С генералами КГБ, не владевшими немецким, Мильке общался через переводчика, но однажды огорошил всех нас, прочитав нам часовой доклад об оперативной обстановке в ГДР на хорошем русском языке. Закончив, победно оглядел восхищенных слушателей. Знай, мол, наших! Тогда ему было восемьдесят лет.
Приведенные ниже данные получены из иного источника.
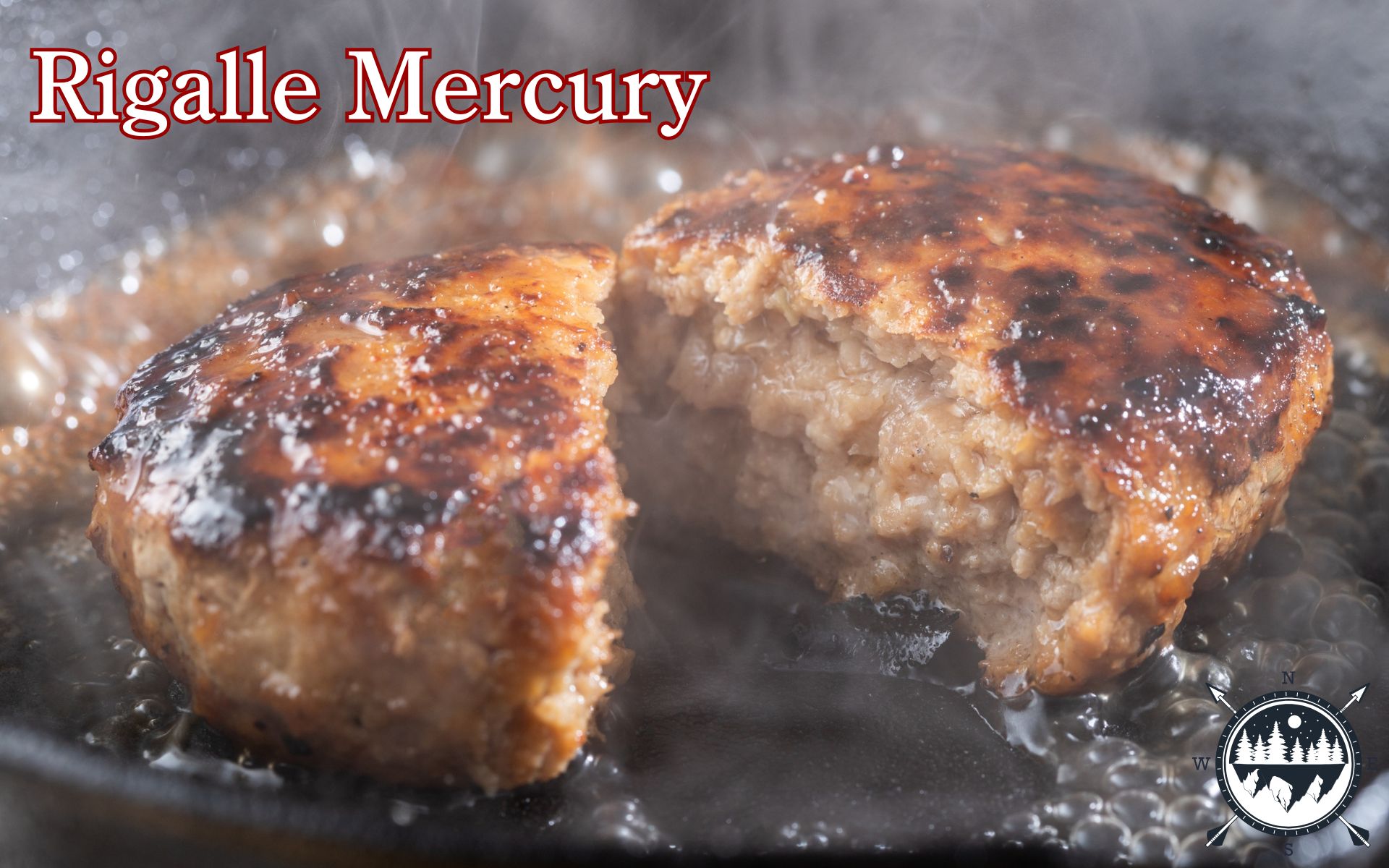 ①焼色をつける: いつものハンバーグのタネを作る。スキレットをコンロで熱し、タネを入れて強火で両面に良い焼き色をつける(中は生でOK)。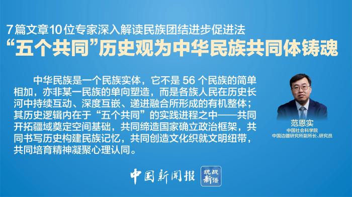面对世界百年未有之大变局,只有用“五个共同”历史观为中华民族共同体强基铸魂,才能真正把握中华民族多元一体格局的历史纵深与未来向度,才能更加紧密地团结起来,在中国式现代化的道路上阔步前行,为实现中华民族伟大复兴的中国梦同心协力、矢志奋斗。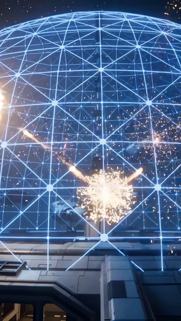 AI Generated Image. Vertical video showing holographic geodesic dome over hull module taking hit from plasma streaks, producing sparks and particle bursts across blue lattice grid. Camera angle looking up along hull, revealing curved grid dome with glowing nodes and intersecting lines, creating strong sense of scale and tension. Visual style cinematic and futuristic, featuring neon blue tones, high-contrast lighting, and realistic VFX sparks. Footage working well as looped background, title opener, or action cut for trailers and promotional reels. Use in sci-fi and technology projects, game trailers, space station sequences, cybersecurity presentations, product demos, and broadcast opens. Edit tips: crop for social platforms, add on-screen text in upper third, slow motion on impact frames for dramatic emphasis, and color grade to match project palette. Video properties: vertical 9:16 orientation, strong mid-high detail in particle effects, clear center of action near hull node.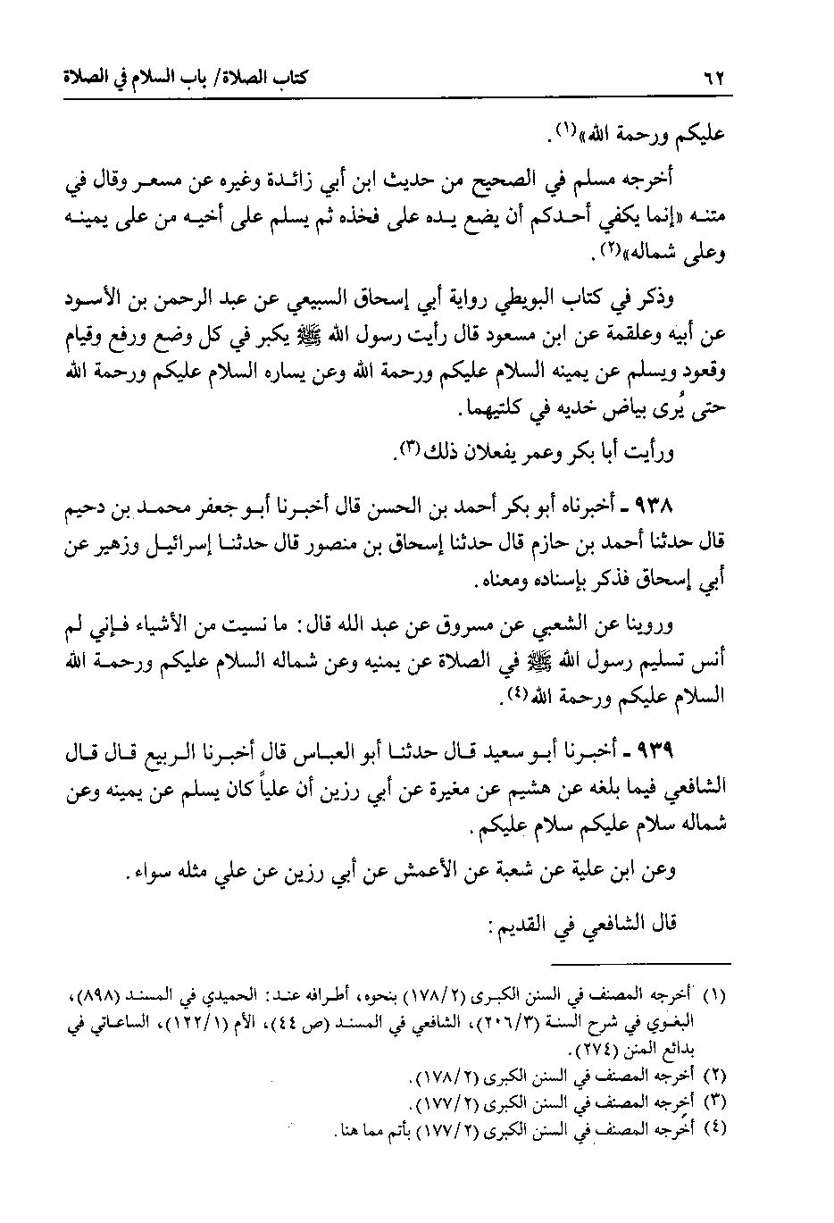 وذكر في كتاب البويطي رواية أبي إسحاق السبيعي عن عبد الرحمن بن الأسود عن أبيه وعلقمة عن ابن مسعود قال رأيت رسول الله صلى الله عليه وسلم يكبر في كل وضع ورفع وقيام وقعود ويسلم عن يمينه السلام عليكم ورحمة الله وعن يساره السلام عليكم ورحمة الله حتى يرى بياض خديه في كلتيهما.

Любимым детищем Мильке стало NFS, министерство госбезопасности — Ministerium für Staatssicherheit, отсюда Штази. У меня было много друзей в разведке и контрразведке ГДР. Я с ними работал, дружил семьями, ездил на охоту, рыбачил, выпивал, в конце концов. Это были отличные ребята, которые честно делали свое дело, и никто не заставит меня говорить о них плохо. Что же касается политического сыска, то к этому направлению деятельности любой охранки я относился и отношусь с брезгливостью, считаю его бесполезным и даже вредным. Бесполезным потому, что ни одному политическому сыску еще не удалось спасти от краха гниющий режим. Вредным потому, что любой политический сыск постоянно лжет, вводя лидеров той или иной страны в заблуждение об истинном положении вещей в государстве и тем самым побуждая их принимать неверные, а порой роковые решения. Политический сыск развращает нацию стукачеством и тормозит общественный прогресс, поскольку борется с прошлым против будущего.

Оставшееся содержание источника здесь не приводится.